# Required work
Could you write out, exactly, every line from the top of the data through the line holding "A HungaroMet Magyar"? Omit the pictures.

# Provided information
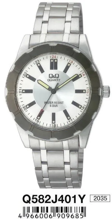 <b>Мужские наручные часы Q&Q Q582J401Y.</b> Точный кварцевый механизм с аналоговой индикацией. Корпус изготовлен из высококачественной часовой латуни с высокими антикоррозийными свойствами. Браслет из нержавеющей стали. Прочное, устойчивое к царапинам минеральное стекло защищает часы от повреждений.Часы являются водонепроницаемыми до 5 Бар. Цвет циферблата: Белый. Гарантия: 1 год.
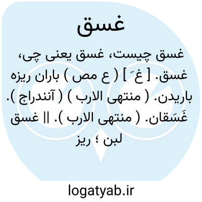 غسق. [ غ َ ] ( ع مص ) باران ریزه باریدن. ( منتهی الارب ) ( آنندراج ). غَسَقان. ( منتهی الارب ). || غسق لبن؛ ریزان گردیدن شیر از پستان. نیک تاریک شدن شب. ( منتهی الارب ) ( آنندراج ). سخت تاریک شدن شب. ( اقرب الموارد ). غَسَق. غَسَقان. ( منتهی الارب ). || غسق جراحت؛ دویدن زرداب از آن. ( تاج المصادر بیهقی ). غسق الجرح غسقاً و غسقاناً؛ سال منه شی اصفر. ( اقرب الموارد ). || غسق عین؛ دویدن آب از چشم و تاریک شدن آن. ( تاج المصادر بیهقی ) ( دهار ). غسقت العین غسقاً؛ دمعت و أظلمت. ( المنجد ).
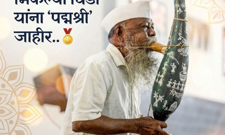 पालघर -आदिवासी संस्कृतीचा आणि वारली कलेचा अविभाज्य भाग असलेल्या ‘तारपा’ वाद्याला आपल्या श्वासाने जिवंत ठेवणारे, पालघर जिल्ह्याचे सुपुत्र भिकल्या लाडक्या धिंडा यांना केंद्र सरकारतर्फे प्रतिष्ठेचा ‘पद्मश्री’ पुरस्कार जाहीर झाला आहे. प्रजासत्ताक दिनाच्या पूर्वसंध्येला या पुरस्कारांची घोषणा होताच पालघर जिल्ह्यात आणि कला विश्वात आनंदाची लाट पसरली आहे.
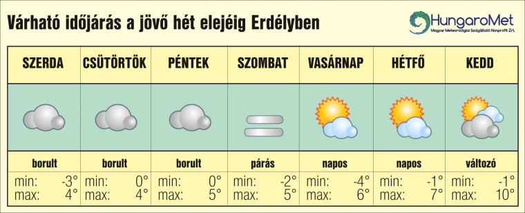 A HungaroMet Magyar Meteorológiai Szolgáltató Nonprofit Zrt. által az Erdélyi Napló számára készített egyhetes időjárás-előrejelzés szerint jövő hét elején is kitartanak az erős éjszakai fagyok, nappalra viszont megenyhül az idő, és fagypont fölötti hőmérsékletre számíthatunk.
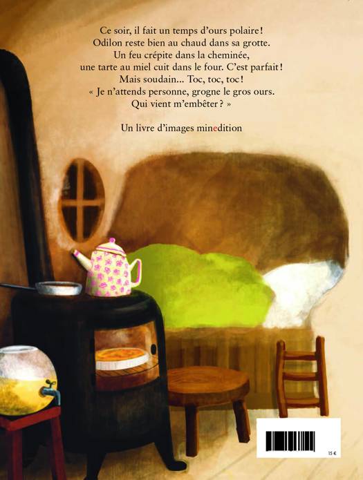 Ce soir, il fait un temps d’ours polaire ! L’ours Odilon reste bien au chaud dans sa grotte. Un feu crépite dans la cheminée, une tarte au miel cuit dans le four. C’est parfait ! Mais soudain, on frappe à la porte. Et voilà Odilon nez-à-nez avec une jolie petite mésange, qui semble bien décidée à faire son nid sur sa tête… Parviendra-t-il à s’en débarrasser ?
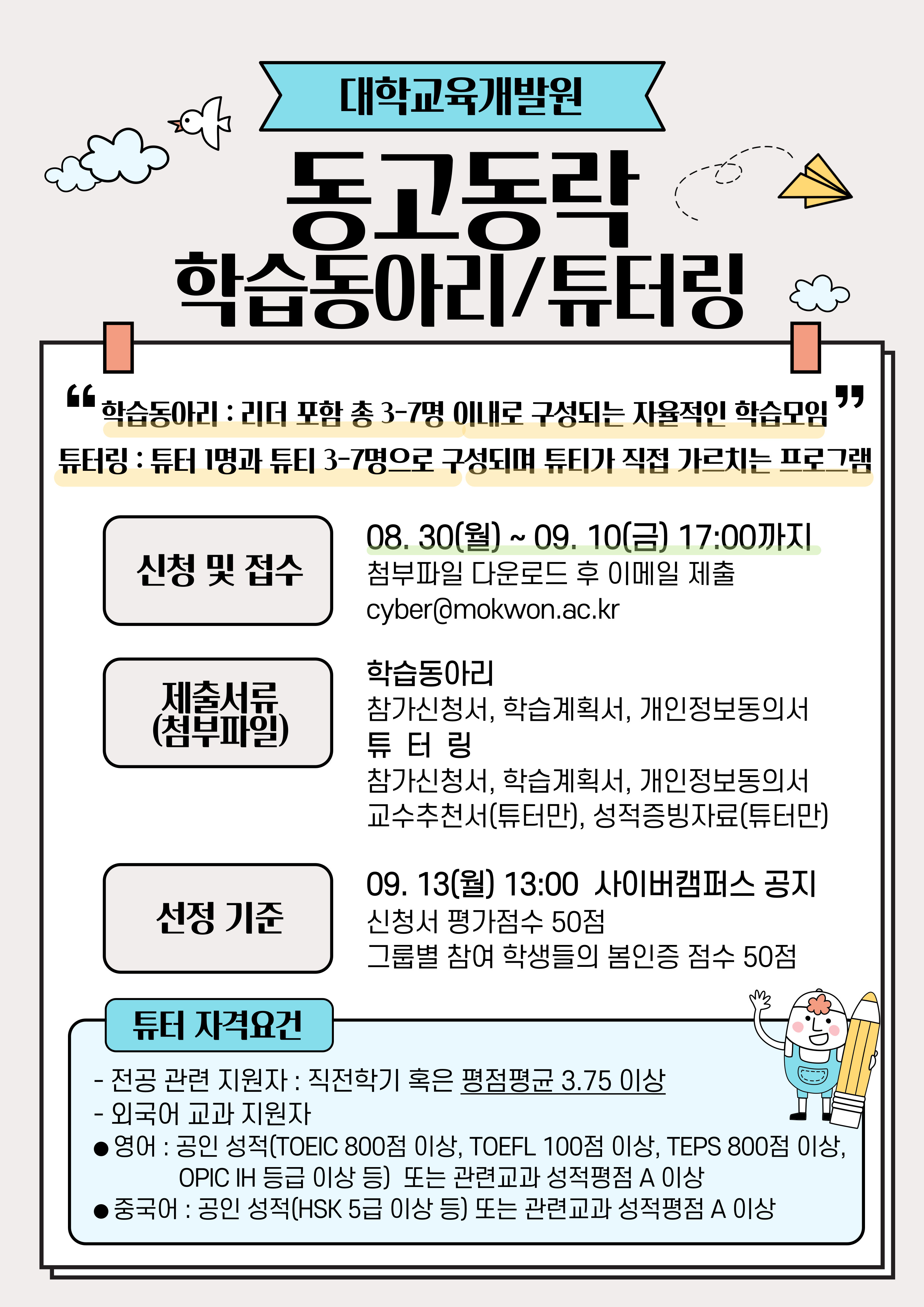 2) 튜 터 링 : 신청서 작성 후, 이메일 제출 (cyber@mokwon.ac.kr)
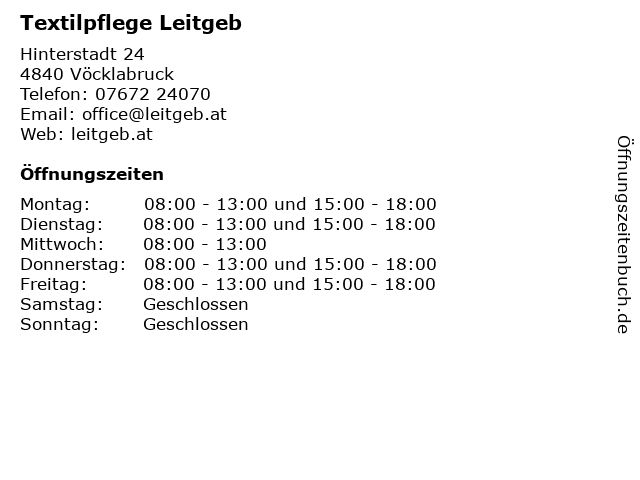 | Öffnungszeiten Textilpflege Leitgeb in Vöcklabruck anzeigen | |
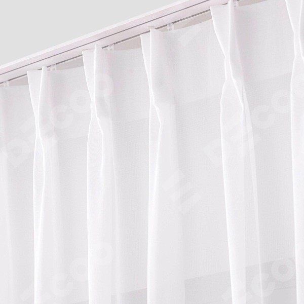 Комплект прямых штор, от производителя «Cortin», пошиты из ткани тюль белый, артикул ткани V-01. С изнаночной стороны в верхней части штор пристрачивается шторная лента с декоративными складками «Кустик». Для создания элегантных складок прямые шторы шьются по стандарту с коэффициентом 1:2 (на 100 см. ширины проёма 200 см. ширины ткани).
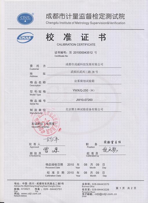>>盐雾腐蚀试验箱校准证书-成都计量院-戎威科技
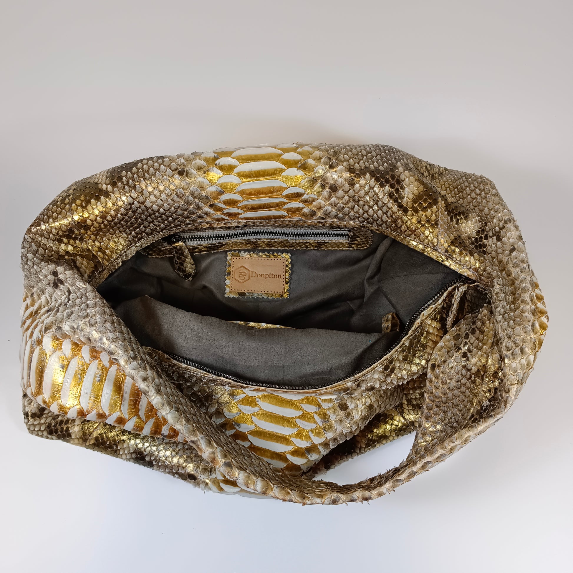 A bolsa Susana é confeccionada artesanalmente com pele de cobra Python genuína do Sudeste Asiático, oferecendo exclusividade e autenticidade em cada peça. Assim como a biometria humana, cada pele de Python possui padrões e tonalidades únicos, garantindo um design minimalista e atemporal. Combinando luxo e glamour, a bolsa Susana reflete prestígio e um toque de glamour, ideal para quem valoriza estilo e elegância inconfundíveis. Dimensões: 44 cm de comprimento, 16 cm de largura e 30 cm de altura.
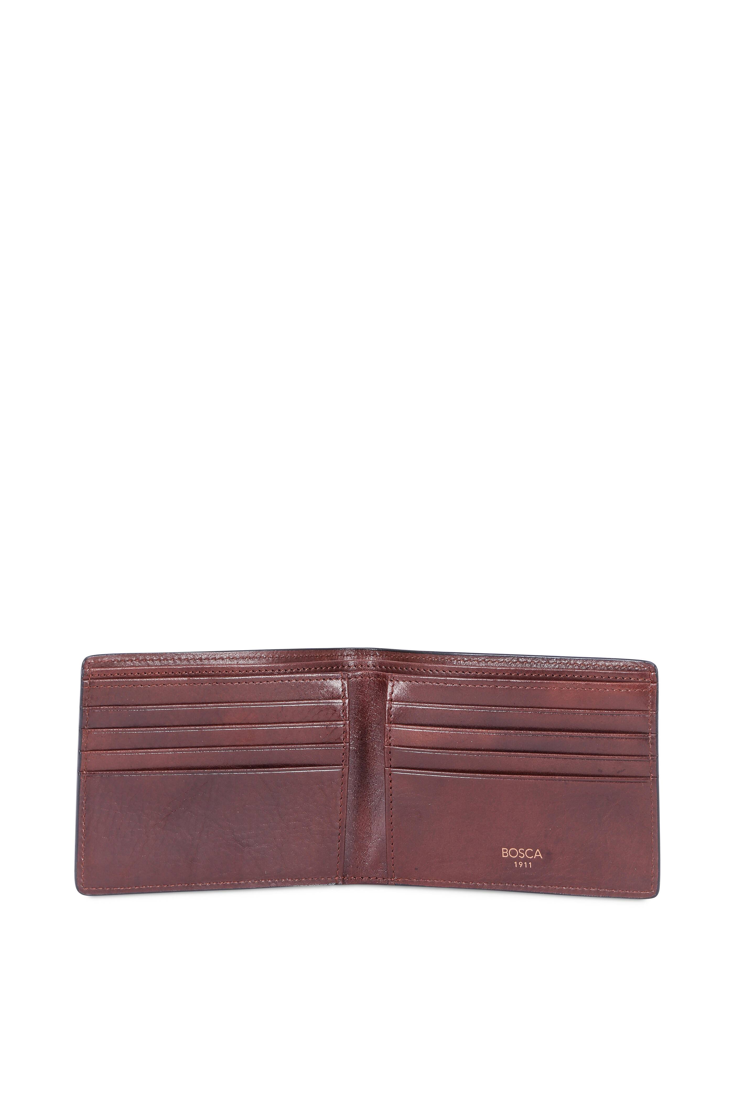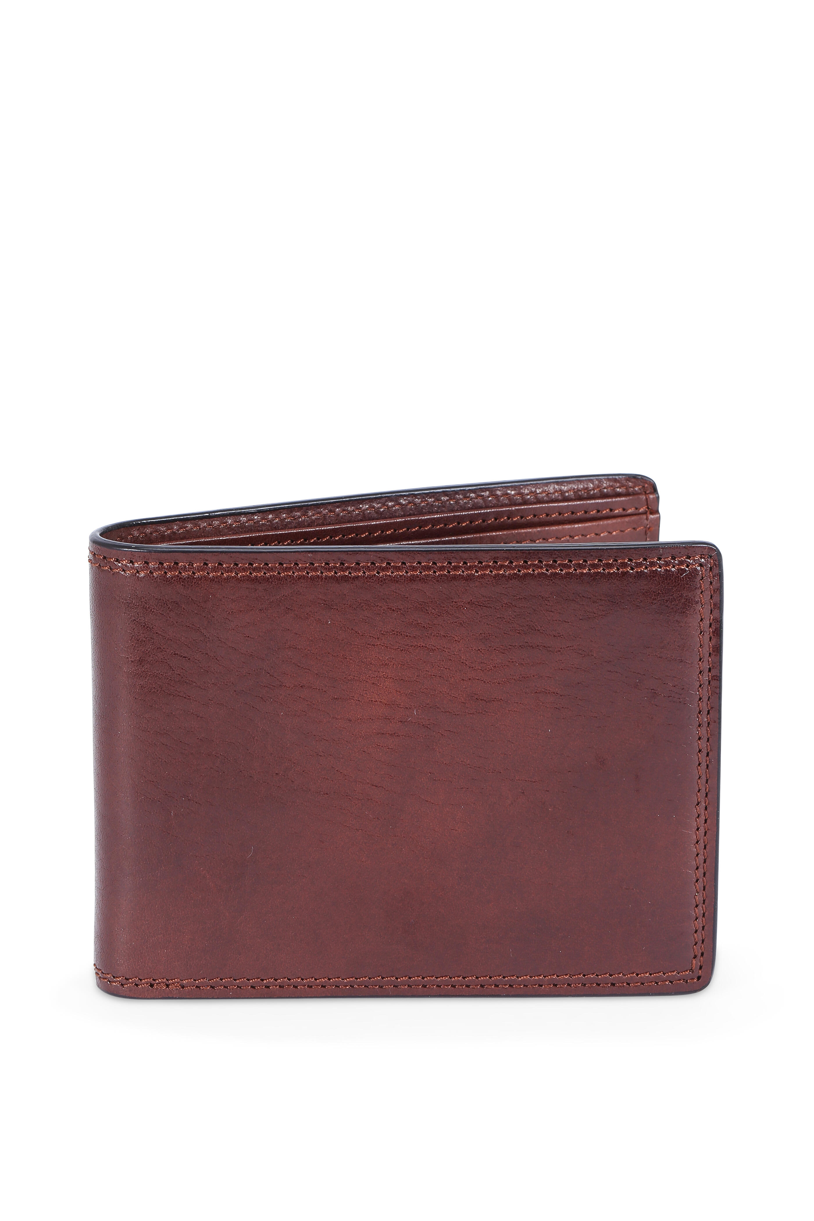 Hand-stained Italian leather. Divided currency well. Eight card slots. Two vertical stash pockets. Hand-stitched detailing. Imported. Width: 4 ½". Height: 3 ½".
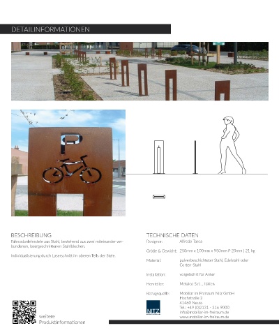 Fahrradanlehnstele aus Stahl, bestehend aus zwei miteinander ver- Designer: Alfredo Tasca

# Expected output
 <b>Мужские наручные часы Q&Q Q582J401Y.</b> Точный кварцевый механизм с аналоговой индикацией. Корпус изготовлен из высококачественной часовой латуни с высокими антикоррозийными свойствами. Браслет из нержавеющей стали. Прочное, устойчивое к царапинам минеральное стекло защищает часы от повреждений.Часы являются водонепроницаемыми до 5 Бар. Цвет циферблата: Белый. Гарантия: 1 год.
 غسق. [ غ َ ] ( ع مص ) باران ریزه باریدن. ( منتهی الارب ) ( آنندراج ). غَسَقان. ( منتهی الارب ). || غسق لبن؛ ریزان گردیدن شیر از پستان. نیک تاریک شدن شب. ( منتهی الارب ) ( آنندراج ). سخت تاریک شدن شب. ( اقرب الموارد ). غَسَق. غَسَقان. ( منتهی الارب ). || غسق جراحت؛ دویدن زرداب از آن. ( تاج المصادر بیهقی ). غسق الجرح غسقاً و غسقاناً؛ سال منه شی اصفر. ( اقرب الموارد ). || غسق عین؛ دویدن آب از چشم و تاریک شدن آن. ( تاج المصادر بیهقی ) ( دهار ). غسقت العین غسقاً؛ دمعت و أظلمت. ( المنجد ).
 पालघर -आदिवासी संस्कृतीचा आणि वारली कलेचा अविभाज्य भाग असलेल्या ‘तारपा’ वाद्याला आपल्या श्वासाने जिवंत ठेवणारे, पालघर जिल्ह्याचे सुपुत्र भिकल्या लाडक्या धिंडा यांना केंद्र सरकारतर्फे प्रतिष्ठेचा ‘पद्मश्री’ पुरस्कार जाहीर झाला आहे. प्रजासत्ताक दिनाच्या पूर्वसंध्येला या पुरस्कारांची घोषणा होताच पालघर जिल्ह्यात आणि कला विश्वात आनंदाची लाट पसरली आहे.
 A HungaroMet Magyar Meteorológiai Szolgáltató Nonprofit Zrt. által az Erdélyi Napló számára készített egyhetes időjárás-előrejelzés szerint jövő hét elején is kitartanak az erős éjszakai fagyok, nappalra viszont megenyhül az idő, és fagypont fölötti hőmérsékletre számíthatunk.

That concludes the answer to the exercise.